Understanding immune evasion by malaria parasites

Malaria remains one of the deadliest infectious diseases affecting human kind today. The majority of its victims are young children and pregnant woman. While several parasite species may cause malaria, the deadliest form of human malaria is caused by Plasmodium falciparum. These parasites are transmitted to human by anopheles’ mosquitos and cause diseases when they reach the blood stream, invade human red blood cells and begin proliferating. The virulence of P. falciparum is attributed to its ability to change the infected red blood cells by placing its own proteins on the surface of the red cells, which in return become “sticky” and may block the circulation in small blood vessels in deep tissue which may cause sever tissue damage. By making the infected red blood cell sticky the parasite ensures that it is not removed by the spleen, which is one way by which these parasites avoid the immune system. However, placing its proteins on the surface of the red cell the parasite expose itself to immune attack mediated by human antibodies against these surface proteins. To evade this antibody mediated response the parasite had evolved a fascinating way to switch between expression of different variants of these surface antigens, while ensuring that only one is expressed at a time to avoid unnecessary exposure to the immune system. Thus, the ability of the parasite to evade immunity depends largely on expression of only a single variant at a time on the surface of the red blood cell and on its ability to switch expression between the genes encoding for these variable antigens.
In an attempt to shed light on how the var gene family, which is responsible for this phenomenon is operated, our project focused on the regulatory elements found in each member of the gene family in attempts to understand how a single gene is chosen for activation while the rest of the gene family remains silent. We identified DNA sequence elements which were shown to be essential for silencing and exclusive expression of these antigens. We found that these sequences bind specific nuclear proteins which we suspected might play a role as regulators and characterized several of these proteins. We identified a couple of proteins that bind these sequences at specific places on the chromosomes, which appear to play a role in regulating structural conformation of the chromosome that may influence gene expression. In addition to DNA elements we identified a RNA molecule which does not encode for a protein but instead has a regulatory role in the “choice” of the var gene that is going to be activated. In addition to its role in activating a single var gene we found that these molecules may “mark” a specific gene and be involved in recruitment of proteins that contribute to the proper activation of the gene which was chosen. We further found that these RNA molecules associate with nuclear metabolic enzymes essential for proper gene activation at specific nuclear sub-compartment.

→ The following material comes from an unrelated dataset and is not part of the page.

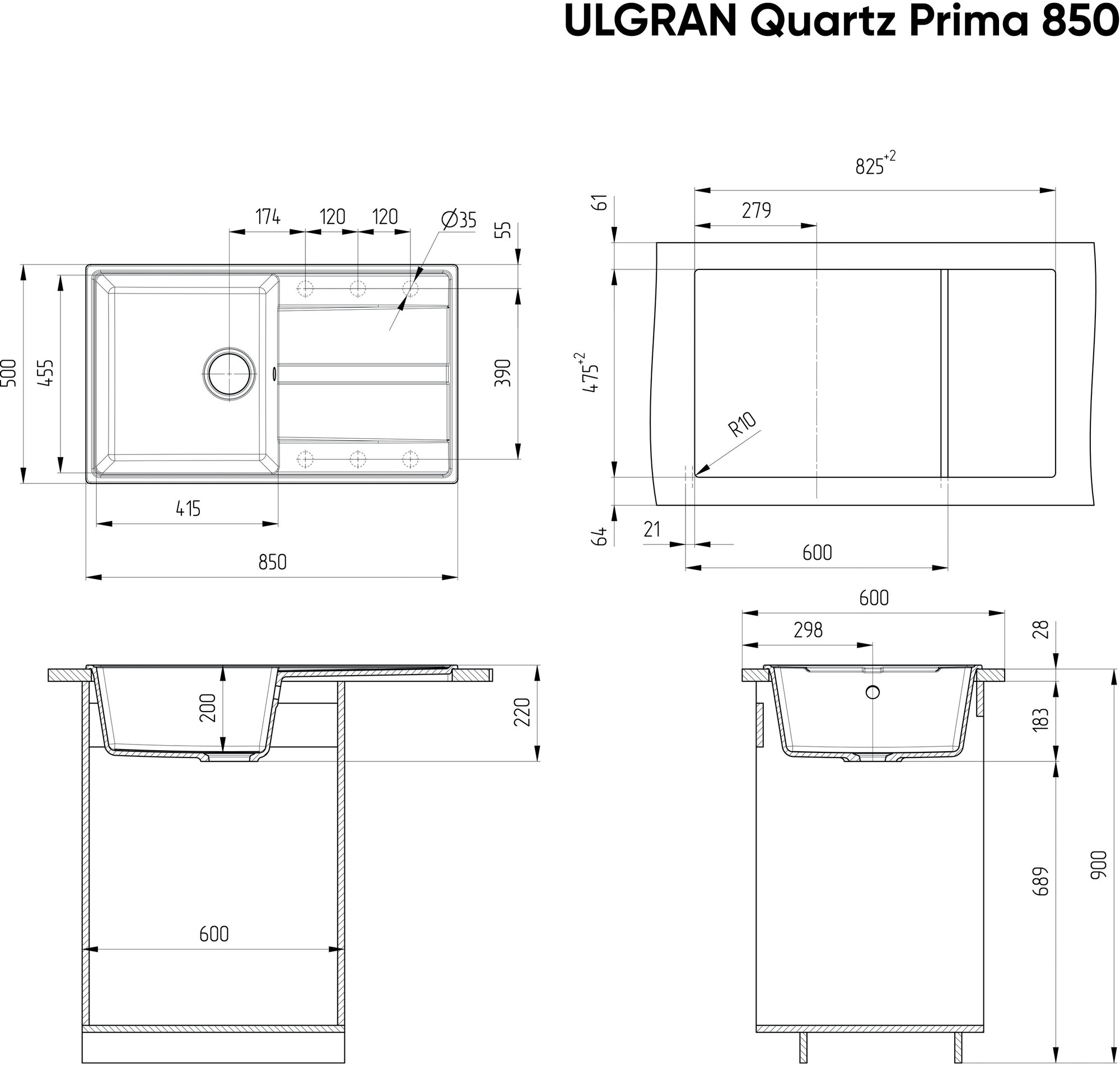Мойка кухонная Ulgran из кварцевого композита прямоугольная Quartz Prima, цвет: уголь, база: 67.5х47.5 см, арт. Prima 700-07 12 581 ₽ Подробнее

As expected from such scientific project not all of our hypotheses were proven, however, our non-biased experimental approach led us to several unexpected new avenues of research. We identified a novel function for a small proteins in regulating the pathogenicity of pregnancy associated malaria which is one the severe manifestations of human malaria. We found surprising moonlighting role of an RNA-binding protein in protecting the genome integrity of the parasite. In addition, we found that neutrophils - which are the most abundant immune cells in the blood stream confers a strong selective pressure against a subset of variable surface antigens which were implicated in cerebral malaria.